The problem – Please write out the entire listing below exactly, excluding its pictures.

Given information section start

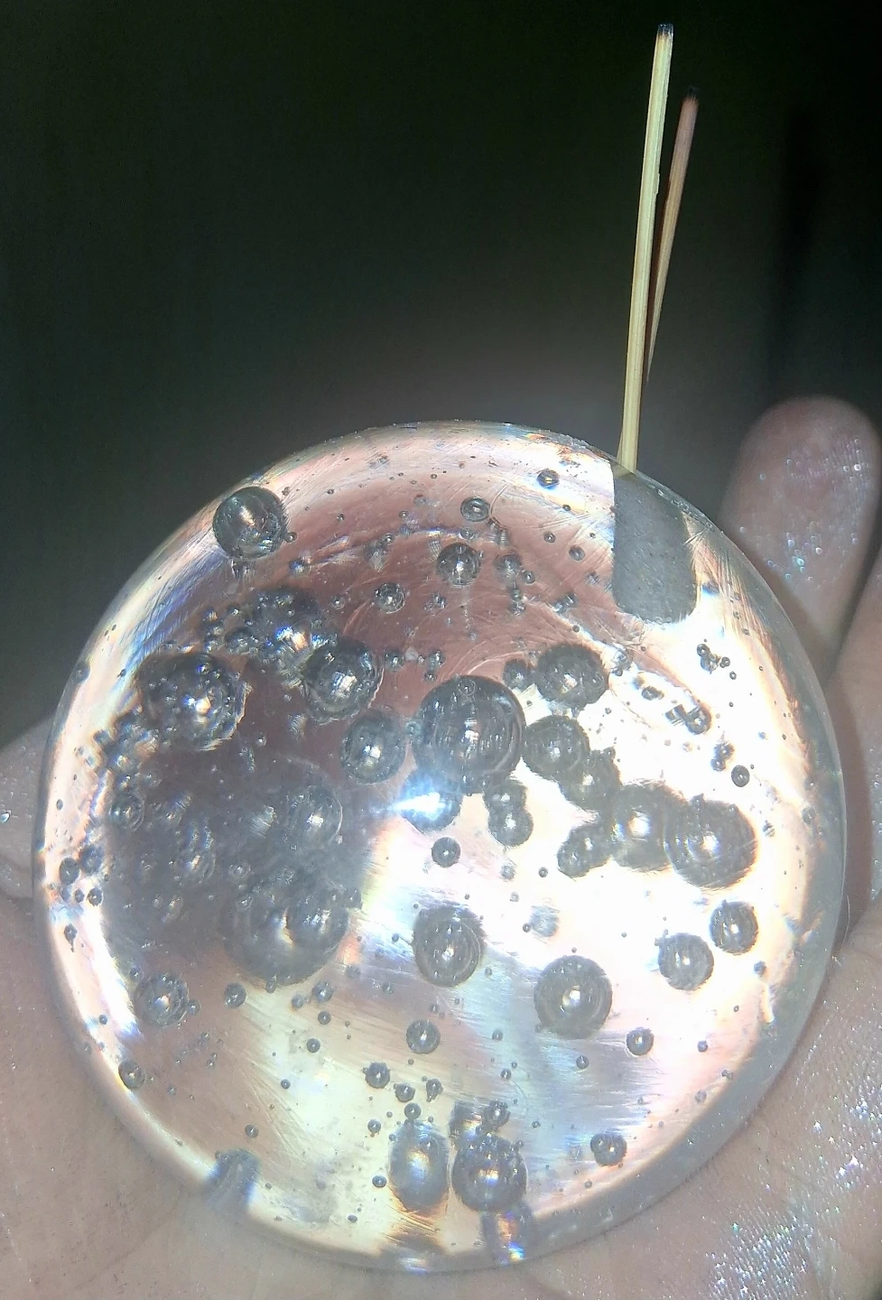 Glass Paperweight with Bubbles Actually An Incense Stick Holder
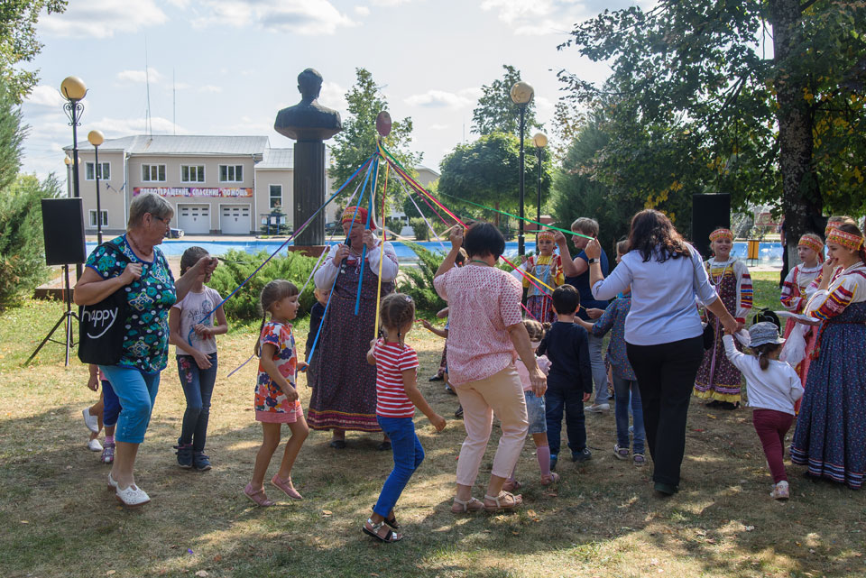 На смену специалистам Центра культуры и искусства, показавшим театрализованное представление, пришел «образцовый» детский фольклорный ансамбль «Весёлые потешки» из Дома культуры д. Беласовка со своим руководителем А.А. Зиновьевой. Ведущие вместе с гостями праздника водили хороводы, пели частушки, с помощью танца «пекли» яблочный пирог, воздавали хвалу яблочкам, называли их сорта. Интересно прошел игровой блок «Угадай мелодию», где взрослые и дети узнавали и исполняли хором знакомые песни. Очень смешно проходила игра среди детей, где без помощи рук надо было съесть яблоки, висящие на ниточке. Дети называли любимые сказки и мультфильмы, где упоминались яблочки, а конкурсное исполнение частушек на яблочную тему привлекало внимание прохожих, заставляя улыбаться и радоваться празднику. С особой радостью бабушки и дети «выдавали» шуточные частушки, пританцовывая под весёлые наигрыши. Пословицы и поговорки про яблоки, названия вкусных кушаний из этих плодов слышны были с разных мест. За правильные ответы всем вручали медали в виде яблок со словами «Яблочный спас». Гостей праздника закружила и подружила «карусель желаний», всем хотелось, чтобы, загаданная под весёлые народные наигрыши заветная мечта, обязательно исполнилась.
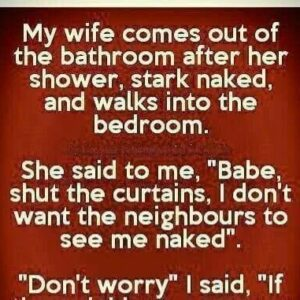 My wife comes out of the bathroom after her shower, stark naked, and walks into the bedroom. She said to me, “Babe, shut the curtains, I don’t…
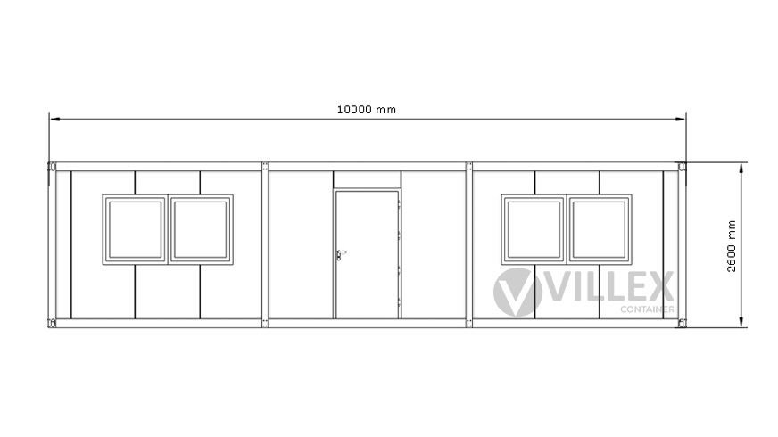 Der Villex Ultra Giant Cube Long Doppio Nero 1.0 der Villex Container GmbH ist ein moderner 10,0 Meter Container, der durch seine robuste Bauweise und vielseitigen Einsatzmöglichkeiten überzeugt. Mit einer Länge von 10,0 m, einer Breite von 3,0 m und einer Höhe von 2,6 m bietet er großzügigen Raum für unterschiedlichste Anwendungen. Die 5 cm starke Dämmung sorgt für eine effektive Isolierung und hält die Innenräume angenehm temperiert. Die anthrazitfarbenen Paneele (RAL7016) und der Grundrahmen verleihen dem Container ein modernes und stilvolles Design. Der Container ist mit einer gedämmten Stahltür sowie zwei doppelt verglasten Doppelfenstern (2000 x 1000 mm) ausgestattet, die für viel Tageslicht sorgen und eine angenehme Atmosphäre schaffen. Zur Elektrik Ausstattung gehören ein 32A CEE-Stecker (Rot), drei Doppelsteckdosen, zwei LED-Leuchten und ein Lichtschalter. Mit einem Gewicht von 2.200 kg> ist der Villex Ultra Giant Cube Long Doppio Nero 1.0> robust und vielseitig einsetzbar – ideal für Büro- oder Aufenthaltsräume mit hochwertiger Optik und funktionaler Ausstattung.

Given information section end

Response to the task –
 Glass Paperweight with Bubbles Actually An Incense Stick Holder
 На смену специалистам Центра культуры и искусства, показавшим театрализованное представление, пришел «образцовый» детский фольклорный ансамбль «Весёлые потешки» из Дома культуры д. Беласовка со своим руководителем А.А. Зиновьевой. Ведущие вместе с гостями праздника водили хороводы, пели частушки, с помощью танца «пекли» яблочный пирог, воздавали хвалу яблочкам, называли их сорта. Интересно прошел игровой блок «Угадай мелодию», где взрослые и дети узнавали и исполняли хором знакомые песни. Очень смешно проходила игра среди детей, где без помощи рук надо было съесть яблоки, висящие на ниточке. Дети называли любимые сказки и мультфильмы, где упоминались яблочки, а конкурсное исполнение частушек на яблочную тему привлекало внимание прохожих, заставляя улыбаться и радоваться празднику. С особой радостью бабушки и дети «выдавали» шуточные частушки, пританцовывая под весёлые наигрыши. Пословицы и поговорки про яблоки, названия вкусных кушаний из этих плодов слышны были с разных мест. За правильные ответы всем вручали медали в виде яблок со словами «Яблочный спас». Гостей праздника закружила и подружила «карусель желаний», всем хотелось, чтобы, загаданная под весёлые народные наигрыши заветная мечта, обязательно исполнилась.
 My wife comes out of the bathroom after her shower, stark naked, and walks into the bedroom. She said to me, “Babe, shut the curtains, I don’t…
 Der Villex Ultra Giant Cube Long Doppio Nero 1.0 der Villex Container GmbH ist ein moderner 10,0 Meter Container, der durch seine robuste Bauweise und vielseitigen Einsatzmöglichkeiten überzeugt. Mit einer Länge von 10,0 m, einer Breite von 3,0 m und einer Höhe von 2,6 m bietet er großzügigen Raum für unterschiedlichste Anwendungen. Die 5 cm starke Dämmung sorgt für eine effektive Isolierung und hält die Innenräume angenehm temperiert. Die anthrazitfarbenen Paneele (RAL7016) und der Grundrahmen verleihen dem Container ein modernes und stilvolles Design. Der Container ist mit einer gedämmten Stahltür sowie zwei doppelt verglasten Doppelfenstern (2000 x 1000 mm) ausgestattet, die für viel Tageslicht sorgen und eine angenehme Atmosphäre schaffen. Zur Elektrik Ausstattung gehören ein 32A CEE-Stecker (Rot), drei Doppelsteckdosen, zwei LED-Leuchten und ein Lichtschalter. Mit einem Gewicht von 2.200 kg> ist der Villex Ultra Giant Cube Long Doppio Nero 1.0> robust und vielseitig einsetzbar – ideal für Büro- oder Aufenthaltsräume mit hochwertiger Optik und funktionaler Ausstattung.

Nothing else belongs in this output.